• [PROBLEM STATEMENT] Return the listing below exactly as it stands. Pictures stay out.

• [COLLECTED DATA]
[Start of section]
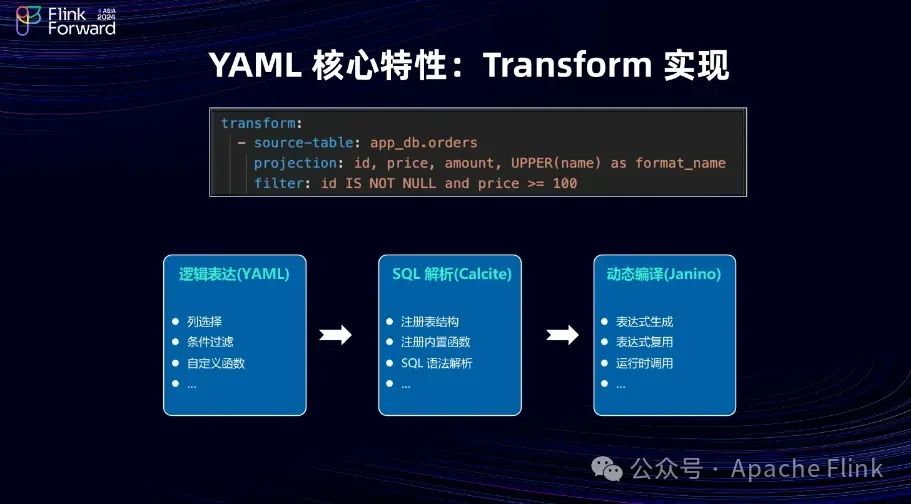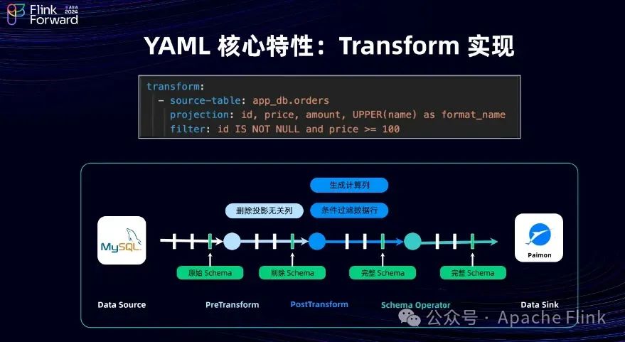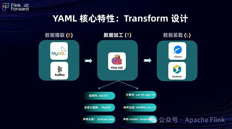 Transform 数据加工过程是 ETL 当中 T 的部分。其中主要的需求包括从表中现存的列里投影出部分列、根据特定表达式的值筛选出特定的数据行、根据已有列计算出新列并加入其中。例如,一个较为复杂的场景可能是这样的:上游存在一个 age 字段,希望追加一个布尔变量 flag,判断 age 是否大于 18,并且只保留 age 和 flag 字段到下游,删除其余数据列。此外,计算列可能涉及到用户定义函数逻辑,甚至调用外部 Web 服务。此外,用户可能还希望根据条件表达式对数据行进行过滤。在合并分库分表写入 Paimon 等数据湖下游时,可能需要手动指定主键列(Primary Key)和分区列(Partition Key)。此外,在结合 AI 场景下是否能支持大模型的调用,这都是 Transform 需要解决的问题。3.2 YAML 核心特性:Transform 实现
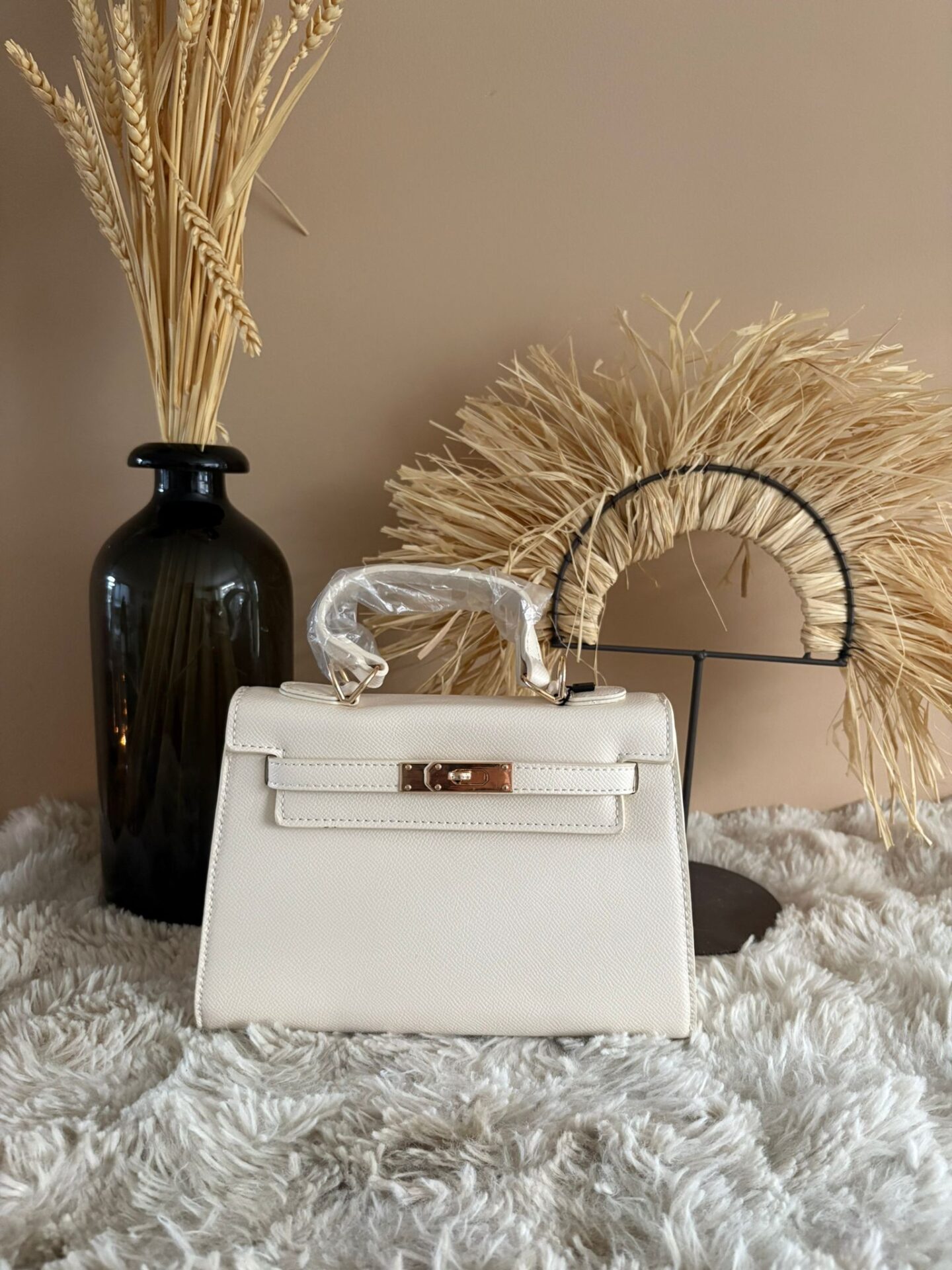 De tas sluit veilig met een metalen slot en is ruim genoeg voor je essentials zoals telefoon, portemonnee en make-up. Het tijdloze ontwerp maakt deze kleine luxe handtas ideaal voor zowel dagelijks gebruik als chique avondgelegenheden. Een elegante must-have die moeiteloos elke outfit naar een hoger niveau tilt.
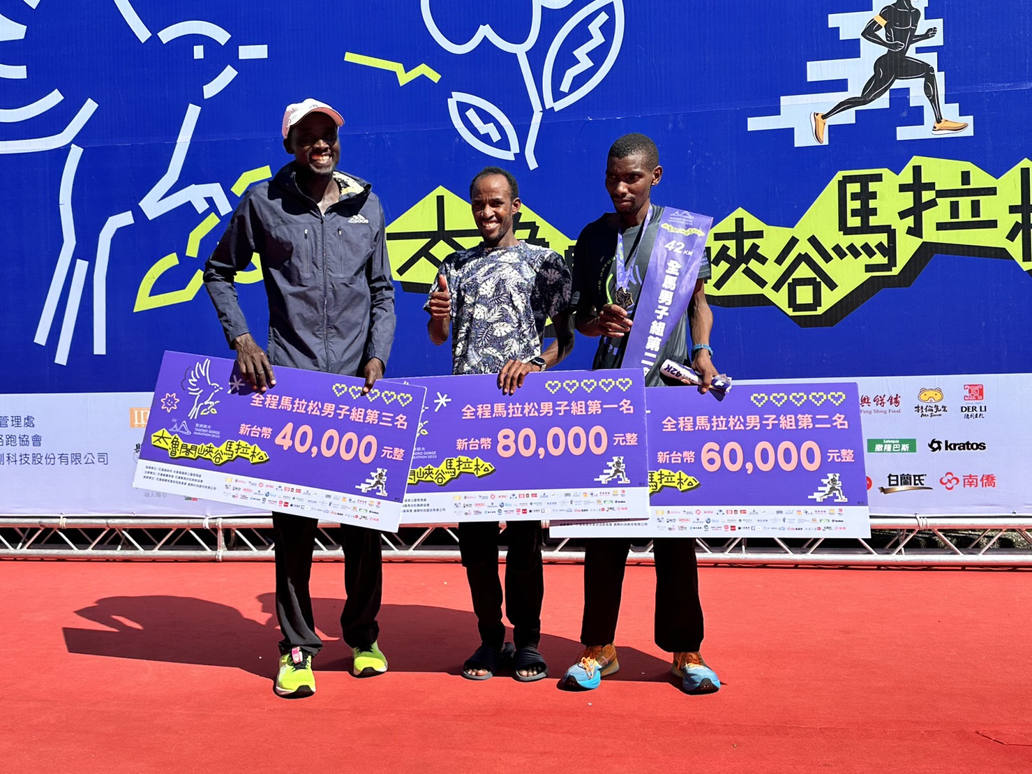 全馬男子組前三名選手頒獎。圖/花蓮縣政府提供
[End of section]
• [SOLUTION TO THIS TASK]
 Transform 数据加工过程是 ETL 当中 T 的部分。其中主要的需求包括从表中现存的列里投影出部分列、根据特定表达式的值筛选出特定的数据行、根据已有列计算出新列并加入其中。例如,一个较为复杂的场景可能是这样的:上游存在一个 age 字段,希望追加一个布尔变量 flag,判断 age 是否大于 18,并且只保留 age 和 flag 字段到下游,删除其余数据列。此外,计算列可能涉及到用户定义函数逻辑,甚至调用外部 Web 服务。此外,用户可能还希望根据条件表达式对数据行进行过滤。在合并分库分表写入 Paimon 等数据湖下游时,可能需要手动指定主键列(Primary Key)和分区列(Partition Key)。此外,在结合 AI 场景下是否能支持大模型的调用,这都是 Transform 需要解决的问题。3.2 YAML 核心特性:Transform 实现
 De tas sluit veilig met een metalen slot en is ruim genoeg voor je essentials zoals telefoon, portemonnee en make-up. Het tijdloze ontwerp maakt deze kleine luxe handtas ideaal voor zowel dagelijks gebruik als chique avondgelegenheden. Een elegante must-have die moeiteloos elke outfit naar een hoger niveau tilt.
 全馬男子組前三名選手頒獎。圖/花蓮縣政府提供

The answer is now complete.